#### AIM OF THE TASK:
The records below must be transcribed exactly. Do not include the pictures.

Records from a data collection
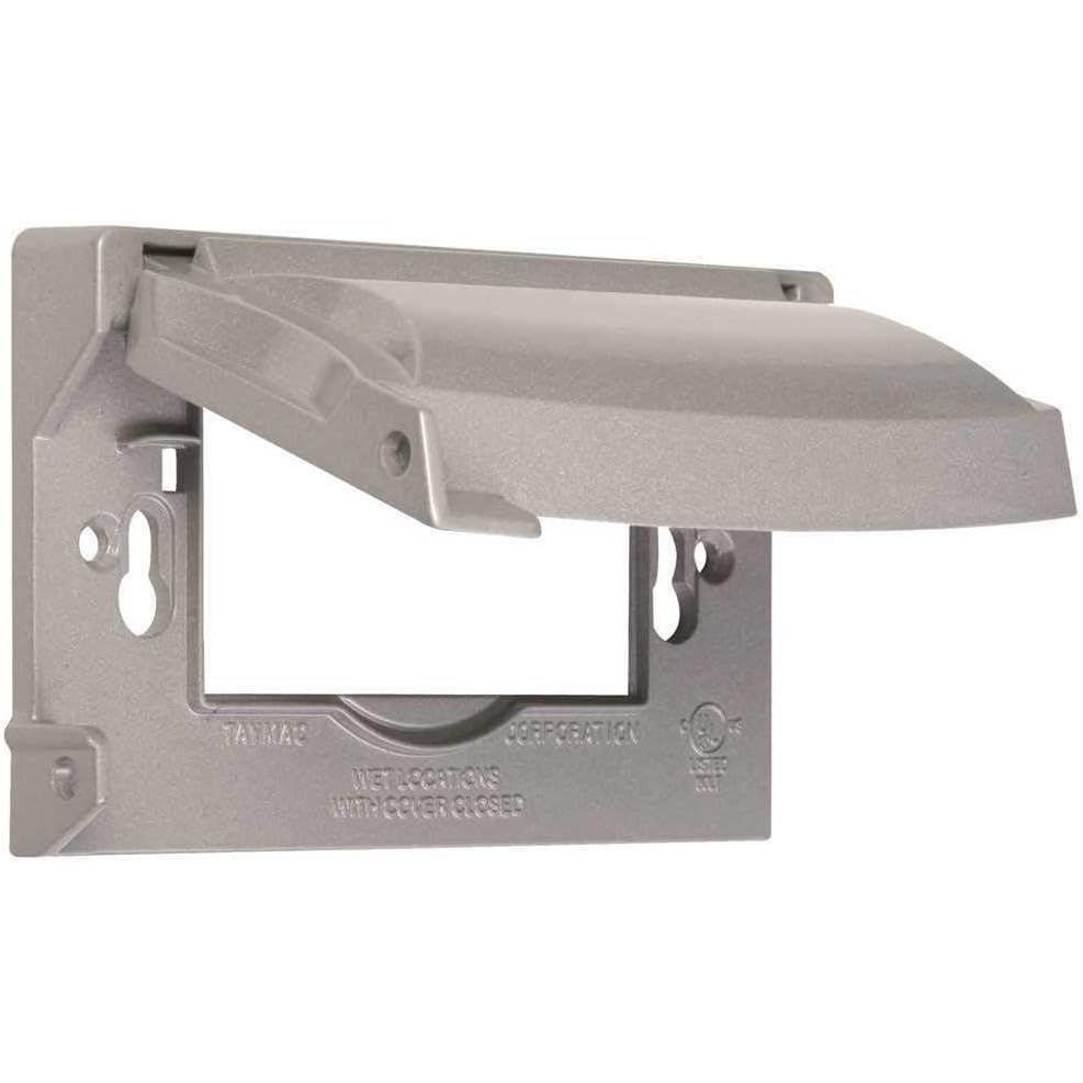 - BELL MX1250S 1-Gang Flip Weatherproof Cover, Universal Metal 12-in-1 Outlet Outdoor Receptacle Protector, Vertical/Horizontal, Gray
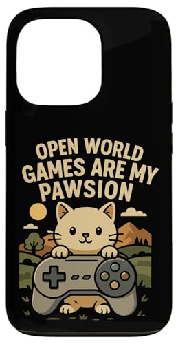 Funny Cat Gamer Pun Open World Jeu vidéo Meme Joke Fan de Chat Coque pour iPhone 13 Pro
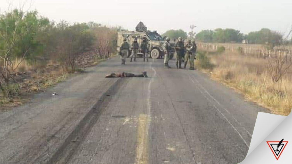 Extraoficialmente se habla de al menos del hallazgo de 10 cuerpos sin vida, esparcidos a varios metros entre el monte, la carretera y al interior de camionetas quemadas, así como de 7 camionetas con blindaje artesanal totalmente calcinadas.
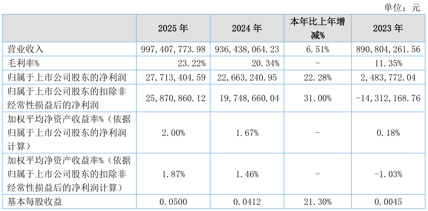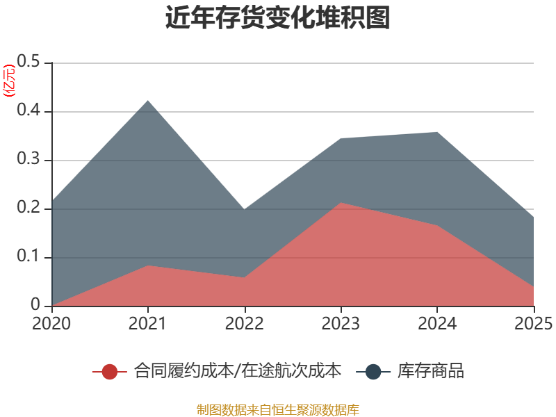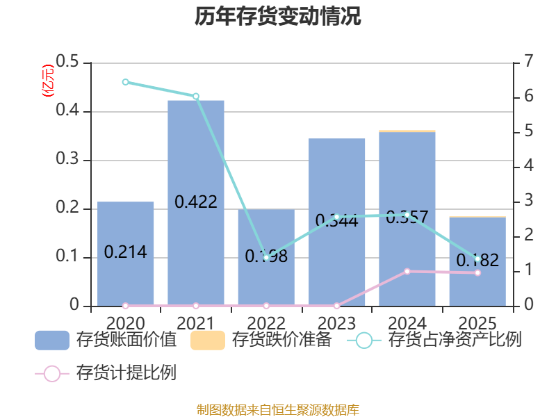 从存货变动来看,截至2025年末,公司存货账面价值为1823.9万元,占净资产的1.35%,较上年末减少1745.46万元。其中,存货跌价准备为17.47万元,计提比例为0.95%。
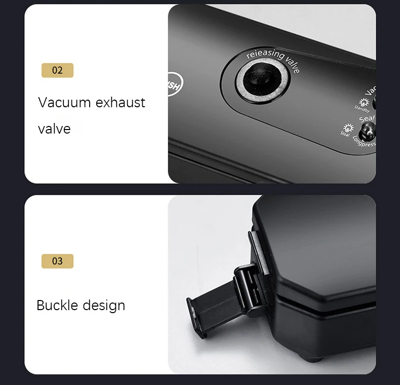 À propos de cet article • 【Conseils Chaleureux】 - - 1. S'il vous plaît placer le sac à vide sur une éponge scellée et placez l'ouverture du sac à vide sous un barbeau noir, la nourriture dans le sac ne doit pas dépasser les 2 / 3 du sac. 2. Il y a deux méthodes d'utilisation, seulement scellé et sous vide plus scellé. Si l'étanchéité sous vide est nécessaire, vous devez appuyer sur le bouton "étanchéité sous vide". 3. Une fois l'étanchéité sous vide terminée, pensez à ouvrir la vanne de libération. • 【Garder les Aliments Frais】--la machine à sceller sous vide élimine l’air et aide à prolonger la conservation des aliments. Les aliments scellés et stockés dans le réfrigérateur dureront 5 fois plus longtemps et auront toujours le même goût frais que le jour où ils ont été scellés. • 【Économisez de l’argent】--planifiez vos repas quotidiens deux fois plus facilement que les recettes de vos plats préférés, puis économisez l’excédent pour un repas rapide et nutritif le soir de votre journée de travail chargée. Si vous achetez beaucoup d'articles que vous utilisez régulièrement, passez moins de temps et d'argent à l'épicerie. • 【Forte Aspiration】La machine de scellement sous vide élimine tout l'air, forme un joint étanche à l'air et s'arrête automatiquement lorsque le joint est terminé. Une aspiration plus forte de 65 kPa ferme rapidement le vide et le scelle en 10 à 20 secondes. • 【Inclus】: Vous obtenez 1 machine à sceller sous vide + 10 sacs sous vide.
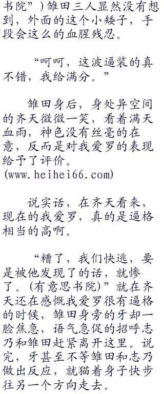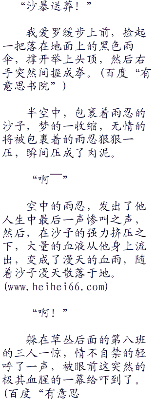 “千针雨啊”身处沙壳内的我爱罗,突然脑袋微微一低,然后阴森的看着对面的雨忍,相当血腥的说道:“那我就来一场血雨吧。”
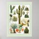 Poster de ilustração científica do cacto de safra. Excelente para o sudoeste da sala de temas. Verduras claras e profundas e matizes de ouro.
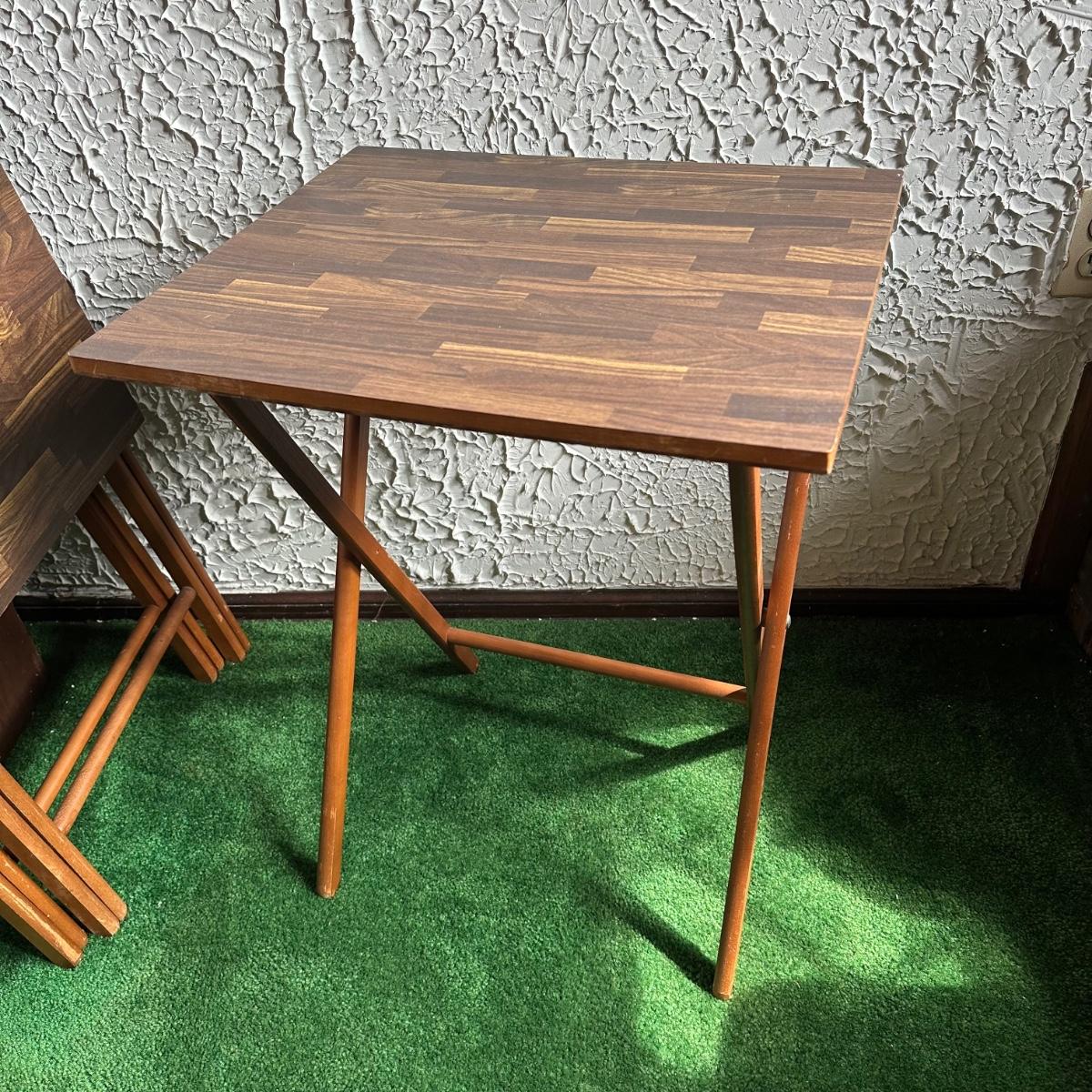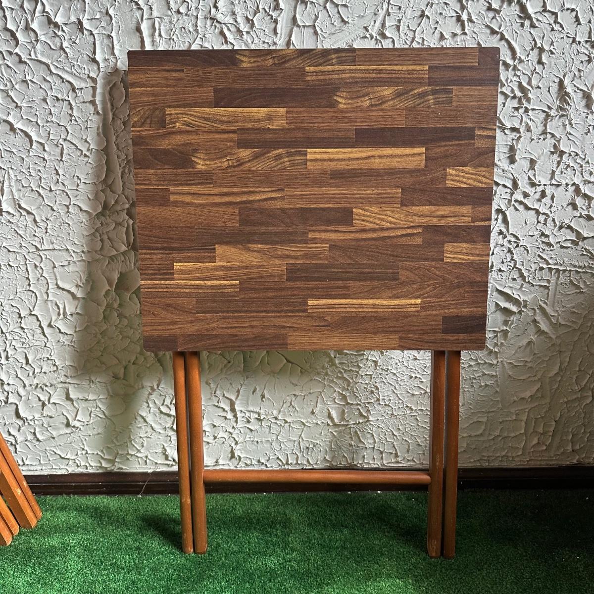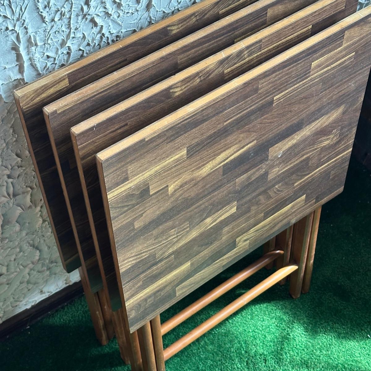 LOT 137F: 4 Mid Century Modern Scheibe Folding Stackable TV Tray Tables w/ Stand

#### THE COMPLETED TASK:
 - BELL MX1250S 1-Gang Flip Weatherproof Cover, Universal Metal 12-in-1 Outlet Outdoor Receptacle Protector, Vertical/Horizontal, Gray
 Funny Cat Gamer Pun Open World Jeu vidéo Meme Joke Fan de Chat Coque pour iPhone 13 Pro
 Extraoficialmente se habla de al menos del hallazgo de 10 cuerpos sin vida, esparcidos a varios metros entre el monte, la carretera y al interior de camionetas quemadas, así como de 7 camionetas con blindaje artesanal totalmente calcinadas.
 从存货变动来看,截至2025年末,公司存货账面价值为1823.9万元,占净资产的1.35%,较上年末减少1745.46万元。其中,存货跌价准备为17.47万元,计提比例为0.95%。
 À propos de cet article • 【Conseils Chaleureux】 - - 1. S'il vous plaît placer le sac à vide sur une éponge scellée et placez l'ouverture du sac à vide sous un barbeau noir, la nourriture dans le sac ne doit pas dépasser les 2 / 3 du sac. 2. Il y a deux méthodes d'utilisation, seulement scellé et sous vide plus scellé. Si l'étanchéité sous vide est nécessaire, vous devez appuyer sur le bouton "étanchéité sous vide". 3. Une fois l'étanchéité sous vide terminée, pensez à ouvrir la vanne de libération. • 【Garder les Aliments Frais】--la machine à sceller sous vide élimine l’air et aide à prolonger la conservation des aliments. Les aliments scellés et stockés dans le réfrigérateur dureront 5 fois plus longtemps et auront toujours le même goût frais que le jour où ils ont été scellés. • 【Économisez de l’argent】--planifiez vos repas quotidiens deux fois plus facilement que les recettes de vos plats préférés, puis économisez l’excédent pour un repas rapide et nutritif le soir de votre journée de travail chargée. Si vous achetez beaucoup d'articles que vous utilisez régulièrement, passez moins de temps et d'argent à l'épicerie. • 【Forte Aspiration】La machine de scellement sous vide élimine tout l'air, forme un joint étanche à l'air et s'arrête automatiquement lorsque le joint est terminé. Une aspiration plus forte de 65 kPa ferme rapidement le vide et le scelle en 10 à 20 secondes. • 【Inclus】: Vous obtenez 1 machine à sceller sous vide + 10 sacs sous vide.
 “千针雨啊”身处沙壳内的我爱罗,突然脑袋微微一低,然后阴森的看着对面的雨忍,相当血腥的说道:“那我就来一场血雨吧。”
 Poster de ilustração científica do cacto de safra. Excelente para o sudoeste da sala de temas. Verduras claras e profundas e matizes de ouro.
 LOT 137F: 4 Mid Century Modern Scheibe Folding Stackable TV Tray Tables w/ Stand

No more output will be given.